ONE of the most common Internet frauds involves the classic ``pump and dump'' scheme.

Here's how it works: A company's web site may feature a glowing press release about its financial health or some new product or innovation.

Newsletters that purport to offer unbiased recommendations may suddenly tout the company as the latest ``hot'' stock. Messages in chat rooms and bulletin board postings may urge you to buy the stock quickly or to sell before the price goes down. Or you may even hear the company mentioned by a radio or TV analyst.

Unwitting investors then purchase the stock in droves, creating high demand and pumping up the price. But when the fraudsters behind the scheme sell their shares at the peak and stop hyping the stock, the price plummets, and investors lose their money.

Fraudsters frequently use this ploy with small, thinly traded companies because it's easier to manipulate a stock when there's little or no information available about the company. To steer clear of potential scams, always investigate before you invest:

*Consider the source: When you see an offer on the Internet, assume it is a scam, until you can prove through your own research that it is legitimate. And remember that the people touting the stock may well be insiders of the company or paid promoters who stand to profit handsomely if you trade.

*Find out where the stock trades: Many of the smallest and most thinly traded stocks cannot meet the listing requirements of the Nasdaq Stock Market or a national exchange, such as the New York Stock Exchange. Instead they trade in the ``over-the-counter'' market and are quoted on OTC systems, such as the OTC Bulletin Board or the Pink Sheets. Stocks that trade in the OTC market are generally among the most risky and most susceptible to manipulation.

*Independently verify claims: It's easy for a company or its promoters to make grandiose claims about new product developments, lucrative contracts, or the company's financial health. But before you invest, make sure you've independently verified those claims.

*Research the opportunity: Always ask for -- and carefully read -- the prospectus or current financial statements. Check the database to see whether the investment is registered. Some smaller companies don't have to register their securities offerings.

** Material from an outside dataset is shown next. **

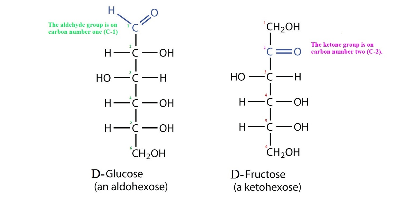 D-fructose has the exact same molecular formula as D-glucose, but has a ketone functional group at one end.

*Watch out for high-pressure pitches: Beware of promoters who pressure you to buy before you have a chance to think about and fully investigate the so-called ``opportunity.'' Don't fall for the line that you'll lose out on a ``once-in-a-lifetime'' chance to make big money if you don't act quickly.

*Always be sceptical: Whenever someone you don't know offers you a hot stock tip, ask yourself: Why me? Why is this stranger giving me this tip? How might he or she benefit if I trade?

For more information on how to use the Internet to invest wisely and avoid fraud, be sure to visit our Internet and Online Trading web page http://www.sec.gov/investor/online/pump.htm. There you'll find a vast array of tips, including ``Internet Fraud: How to Avoid Internet Investment Scams.''

(Source: www.sec.gov)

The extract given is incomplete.